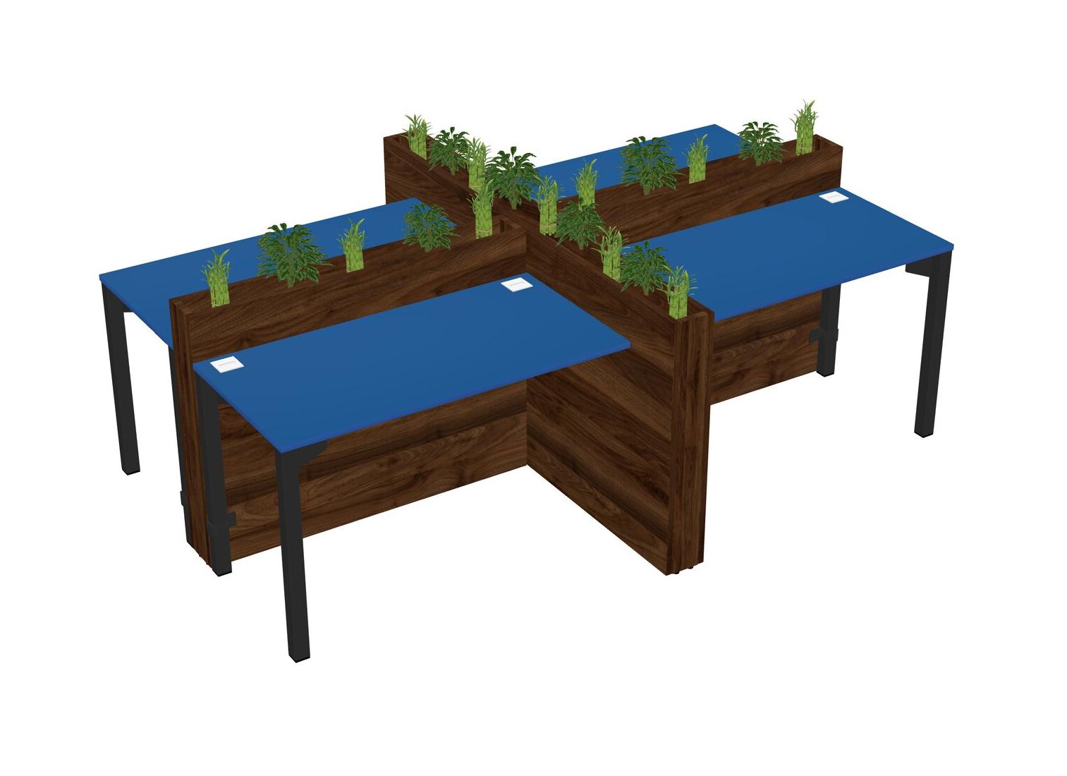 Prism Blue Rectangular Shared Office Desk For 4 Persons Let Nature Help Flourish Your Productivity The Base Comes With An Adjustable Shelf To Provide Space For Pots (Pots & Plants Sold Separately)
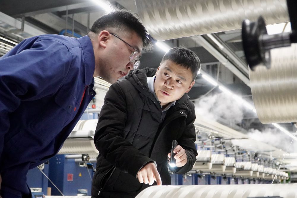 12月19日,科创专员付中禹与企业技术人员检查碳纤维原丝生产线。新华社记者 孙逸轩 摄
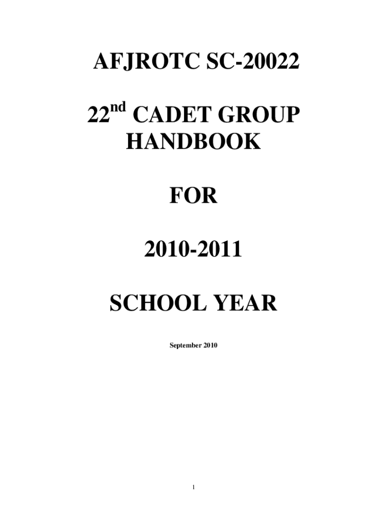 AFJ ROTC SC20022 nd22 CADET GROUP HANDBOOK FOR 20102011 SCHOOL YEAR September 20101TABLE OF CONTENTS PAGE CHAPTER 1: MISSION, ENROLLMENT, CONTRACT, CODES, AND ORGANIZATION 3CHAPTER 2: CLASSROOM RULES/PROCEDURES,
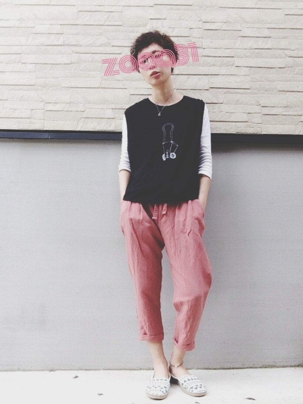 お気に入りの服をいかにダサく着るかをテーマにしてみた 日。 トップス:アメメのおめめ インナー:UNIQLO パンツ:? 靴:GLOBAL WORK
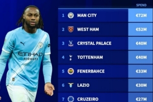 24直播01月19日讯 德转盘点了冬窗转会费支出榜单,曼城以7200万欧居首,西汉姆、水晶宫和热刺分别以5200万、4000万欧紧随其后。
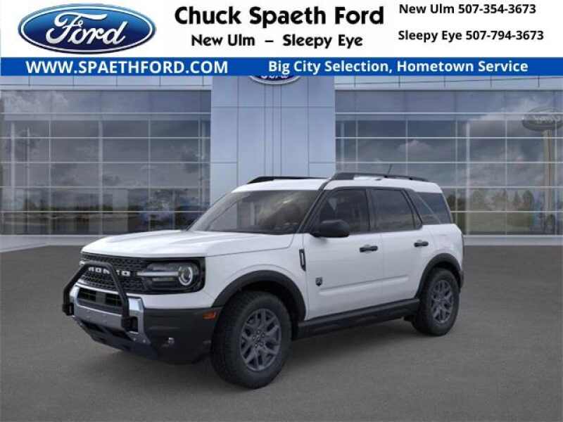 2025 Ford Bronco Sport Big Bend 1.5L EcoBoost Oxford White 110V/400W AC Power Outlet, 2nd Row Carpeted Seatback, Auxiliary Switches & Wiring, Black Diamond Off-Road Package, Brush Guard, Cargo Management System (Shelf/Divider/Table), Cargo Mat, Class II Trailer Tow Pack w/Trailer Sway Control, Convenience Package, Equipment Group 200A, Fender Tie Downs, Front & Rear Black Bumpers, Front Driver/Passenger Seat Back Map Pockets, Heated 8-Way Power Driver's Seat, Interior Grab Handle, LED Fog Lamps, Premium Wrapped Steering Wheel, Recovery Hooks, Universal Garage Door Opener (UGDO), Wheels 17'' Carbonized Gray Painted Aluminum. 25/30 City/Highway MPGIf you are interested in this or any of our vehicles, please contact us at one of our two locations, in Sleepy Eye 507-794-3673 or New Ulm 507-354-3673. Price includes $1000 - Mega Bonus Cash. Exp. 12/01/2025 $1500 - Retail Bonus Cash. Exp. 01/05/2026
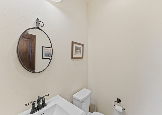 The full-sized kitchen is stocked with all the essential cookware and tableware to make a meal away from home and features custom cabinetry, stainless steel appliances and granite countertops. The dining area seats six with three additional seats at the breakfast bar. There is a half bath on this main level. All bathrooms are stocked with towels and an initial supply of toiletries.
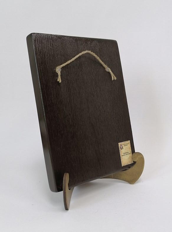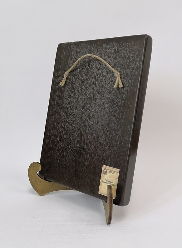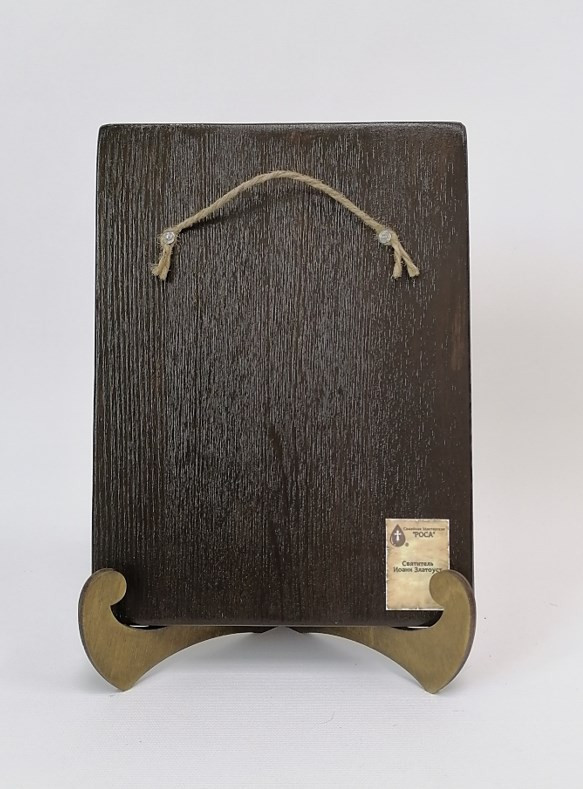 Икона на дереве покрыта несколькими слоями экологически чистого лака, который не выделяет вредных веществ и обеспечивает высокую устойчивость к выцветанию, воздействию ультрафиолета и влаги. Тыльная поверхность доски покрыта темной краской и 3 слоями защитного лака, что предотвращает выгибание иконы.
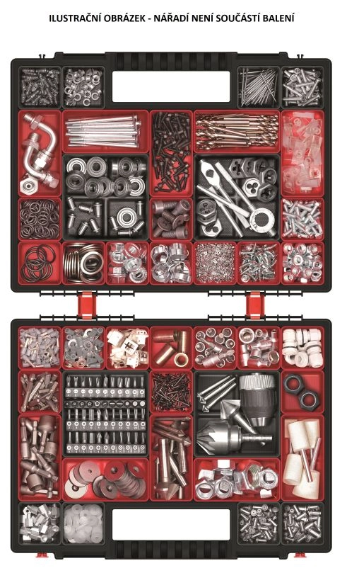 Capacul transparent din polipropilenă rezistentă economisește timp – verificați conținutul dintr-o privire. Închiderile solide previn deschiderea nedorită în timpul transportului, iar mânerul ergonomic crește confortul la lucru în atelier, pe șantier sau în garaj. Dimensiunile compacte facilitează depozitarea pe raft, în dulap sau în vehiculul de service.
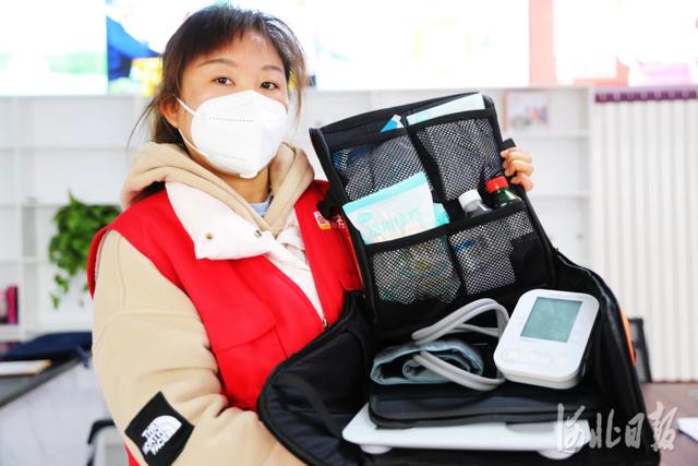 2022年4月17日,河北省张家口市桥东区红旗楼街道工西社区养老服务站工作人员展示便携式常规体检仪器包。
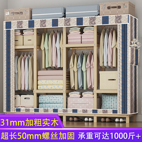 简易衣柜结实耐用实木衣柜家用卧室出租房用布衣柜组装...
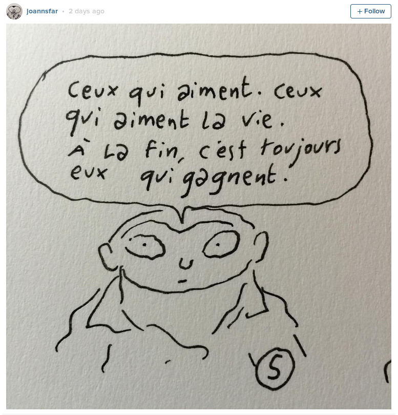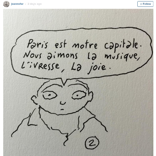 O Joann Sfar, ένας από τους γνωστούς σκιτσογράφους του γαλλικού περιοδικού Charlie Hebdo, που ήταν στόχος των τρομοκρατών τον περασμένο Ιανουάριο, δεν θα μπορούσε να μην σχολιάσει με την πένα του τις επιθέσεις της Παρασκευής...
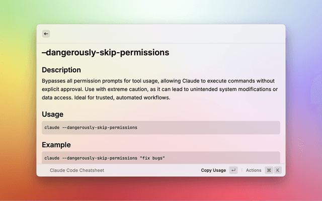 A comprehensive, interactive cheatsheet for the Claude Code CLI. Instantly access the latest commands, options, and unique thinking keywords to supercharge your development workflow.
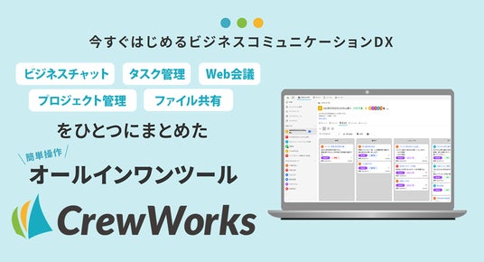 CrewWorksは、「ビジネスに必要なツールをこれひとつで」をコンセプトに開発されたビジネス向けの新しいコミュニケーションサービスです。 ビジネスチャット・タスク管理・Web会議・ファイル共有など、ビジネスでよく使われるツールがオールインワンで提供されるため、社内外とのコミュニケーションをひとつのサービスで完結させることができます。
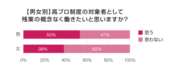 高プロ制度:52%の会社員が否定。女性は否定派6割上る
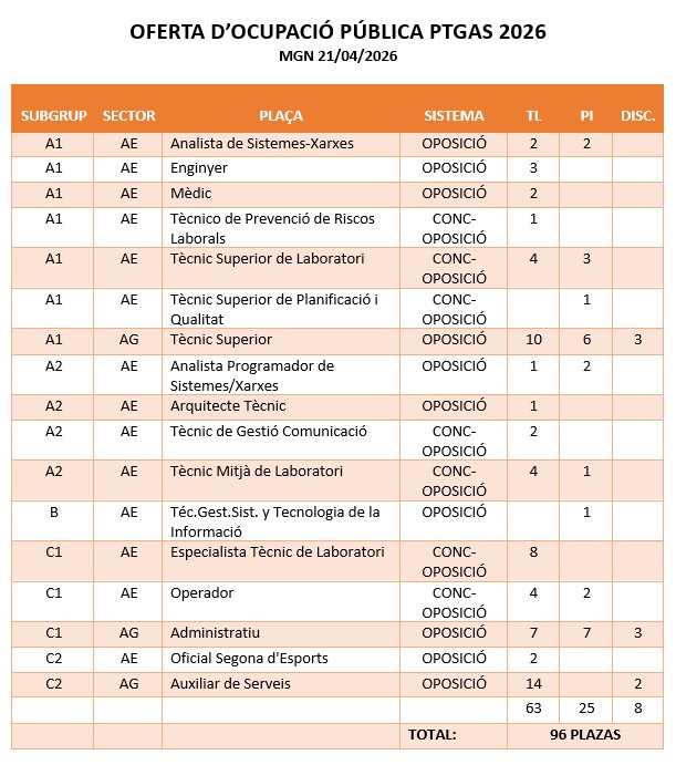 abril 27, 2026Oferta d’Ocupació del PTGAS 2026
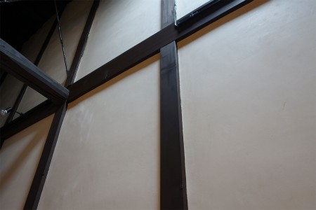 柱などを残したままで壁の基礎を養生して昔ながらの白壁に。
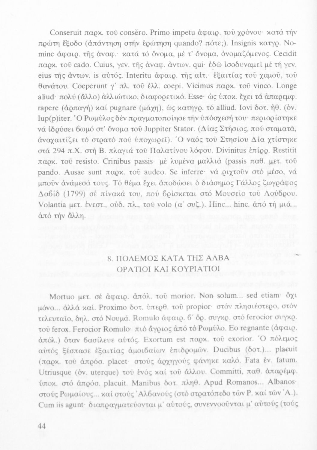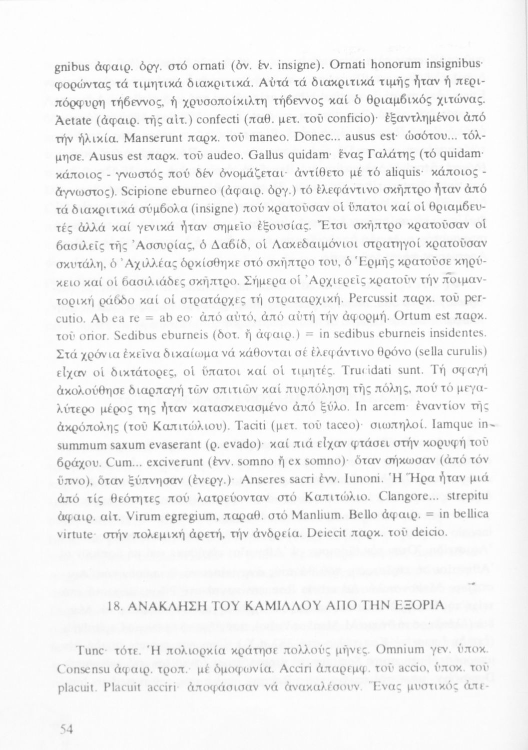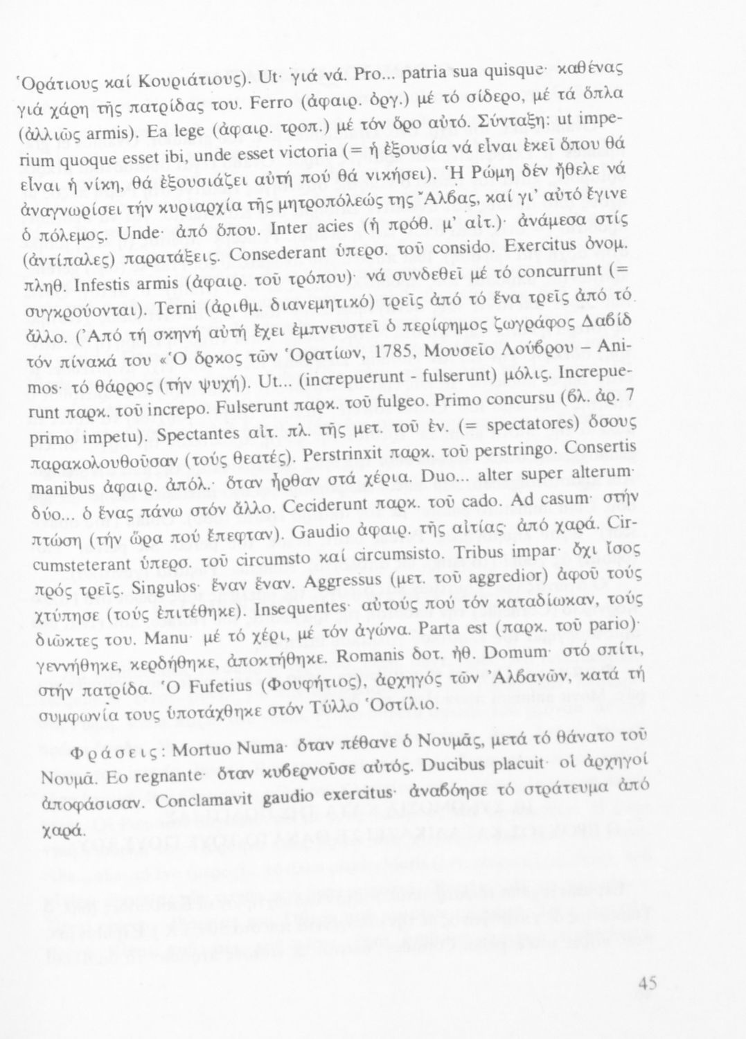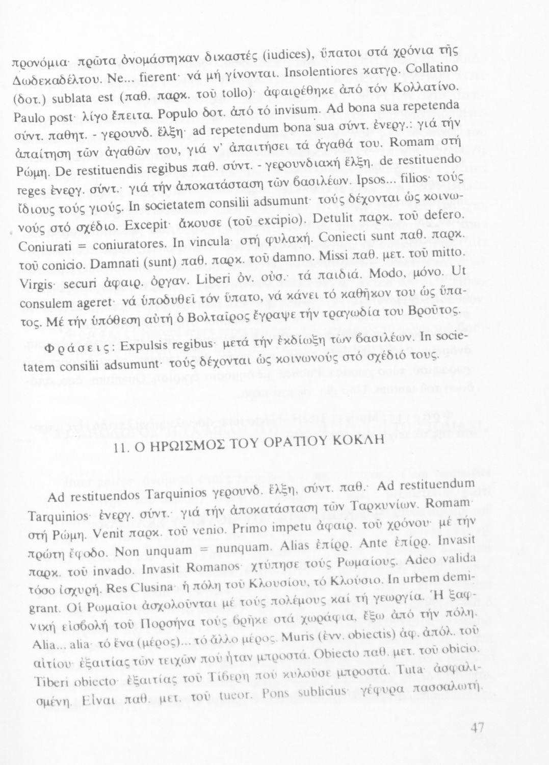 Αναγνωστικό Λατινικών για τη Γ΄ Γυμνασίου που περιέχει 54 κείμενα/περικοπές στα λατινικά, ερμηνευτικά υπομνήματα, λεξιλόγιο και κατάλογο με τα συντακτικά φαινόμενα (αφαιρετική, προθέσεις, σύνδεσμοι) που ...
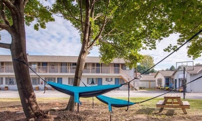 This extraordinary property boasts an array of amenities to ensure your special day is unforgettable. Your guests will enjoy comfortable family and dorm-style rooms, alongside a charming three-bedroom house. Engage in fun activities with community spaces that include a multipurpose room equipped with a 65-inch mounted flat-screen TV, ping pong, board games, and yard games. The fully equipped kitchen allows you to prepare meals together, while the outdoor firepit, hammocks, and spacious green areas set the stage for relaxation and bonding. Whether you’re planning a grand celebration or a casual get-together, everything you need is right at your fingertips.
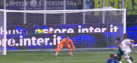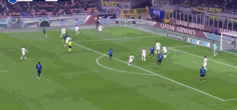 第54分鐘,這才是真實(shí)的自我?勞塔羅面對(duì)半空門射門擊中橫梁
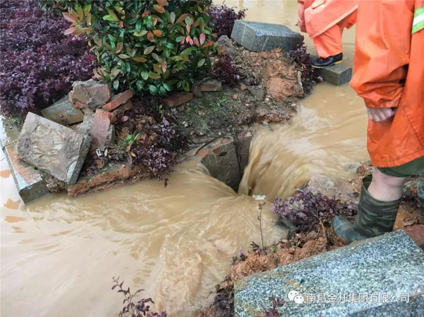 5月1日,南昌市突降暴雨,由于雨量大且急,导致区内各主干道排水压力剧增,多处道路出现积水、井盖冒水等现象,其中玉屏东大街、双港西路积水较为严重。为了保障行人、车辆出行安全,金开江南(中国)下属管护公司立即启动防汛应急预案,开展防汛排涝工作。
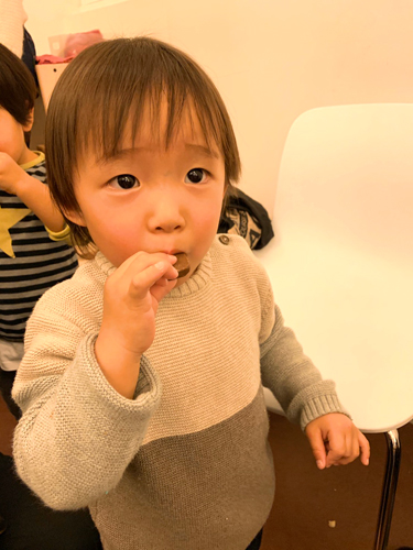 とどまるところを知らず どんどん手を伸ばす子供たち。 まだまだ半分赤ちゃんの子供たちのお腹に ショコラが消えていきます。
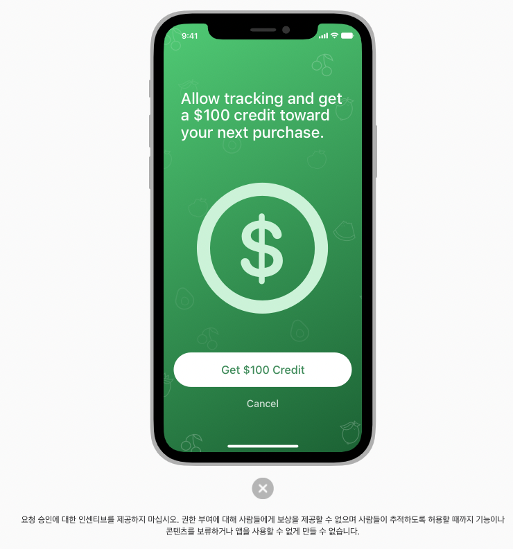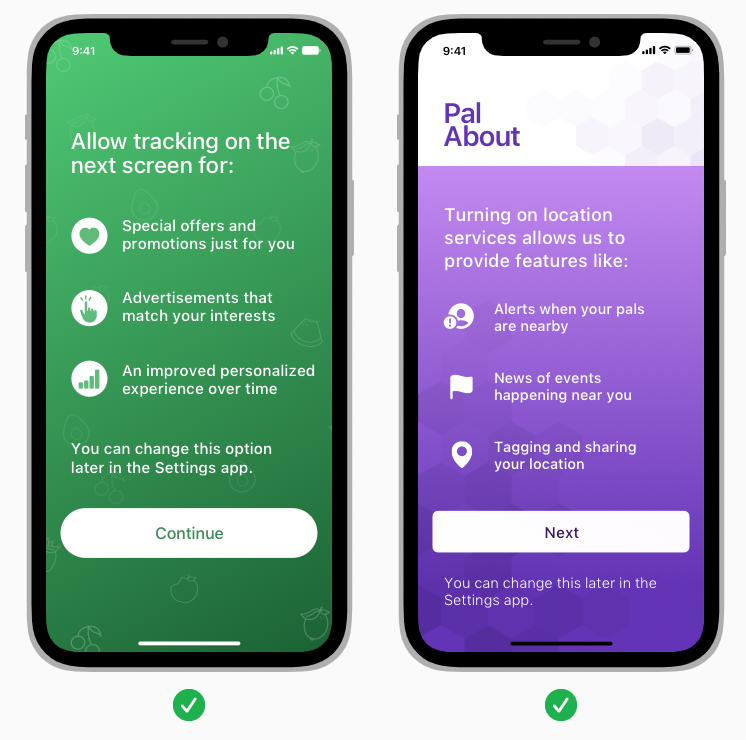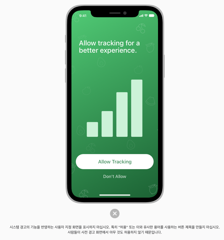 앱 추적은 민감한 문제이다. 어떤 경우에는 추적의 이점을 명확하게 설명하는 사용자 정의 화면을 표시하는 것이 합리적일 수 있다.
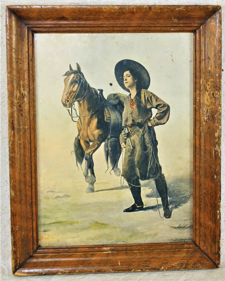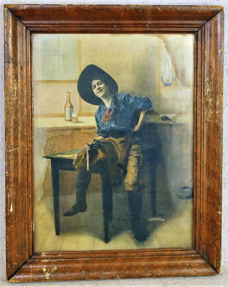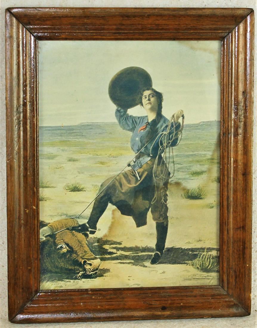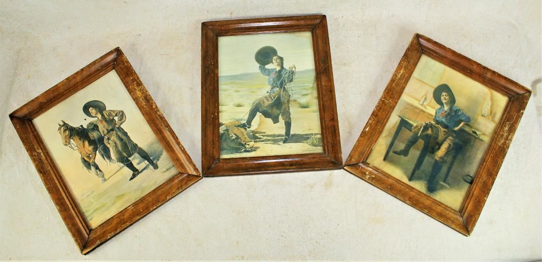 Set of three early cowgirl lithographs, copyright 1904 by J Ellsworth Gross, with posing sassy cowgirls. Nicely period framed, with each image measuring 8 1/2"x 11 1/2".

++++

Task directions »
The required output is an exact copy of the lines from the one with "柱などを残したままで壁の基礎を養生して昔ながらの白壁に。" through the final line of the data above, with pictures removed.

Exercise answer »
 柱などを残したままで壁の基礎を養生して昔ながらの白壁に。
 Αναγνωστικό Λατινικών για τη Γ΄ Γυμνασίου που περιέχει 54 κείμενα/περικοπές στα λατινικά, ερμηνευτικά υπομνήματα, λεξιλόγιο και κατάλογο με τα συντακτικά φαινόμενα (αφαιρετική, προθέσεις, σύνδεσμοι) που ...
 This extraordinary property boasts an array of amenities to ensure your special day is unforgettable. Your guests will enjoy comfortable family and dorm-style rooms, alongside a charming three-bedroom house. Engage in fun activities with community spaces that include a multipurpose room equipped with a 65-inch mounted flat-screen TV, ping pong, board games, and yard games. The fully equipped kitchen allows you to prepare meals together, while the outdoor firepit, hammocks, and spacious green areas set the stage for relaxation and bonding. Whether you’re planning a grand celebration or a casual get-together, everything you need is right at your fingertips.
 第54分鐘,這才是真實(shí)的自我?勞塔羅面對(duì)半空門射門擊中橫梁
 5月1日,南昌市突降暴雨,由于雨量大且急,导致区内各主干道排水压力剧增,多处道路出现积水、井盖冒水等现象,其中玉屏东大街、双港西路积水较为严重。为了保障行人、车辆出行安全,金开江南(中国)下属管护公司立即启动防汛应急预案,开展防汛排涝工作。
 とどまるところを知らず どんどん手を伸ばす子供たち。 まだまだ半分赤ちゃんの子供たちのお腹に ショコラが消えていきます。
 앱 추적은 민감한 문제이다. 어떤 경우에는 추적의 이점을 명확하게 설명하는 사용자 정의 화면을 표시하는 것이 합리적일 수 있다.
 Set of three early cowgirl lithographs, copyright 1904 by J Ellsworth Gross, with posing sassy cowgirls. Nicely period framed, with each image measuring 8 1/2"x 11 1/2".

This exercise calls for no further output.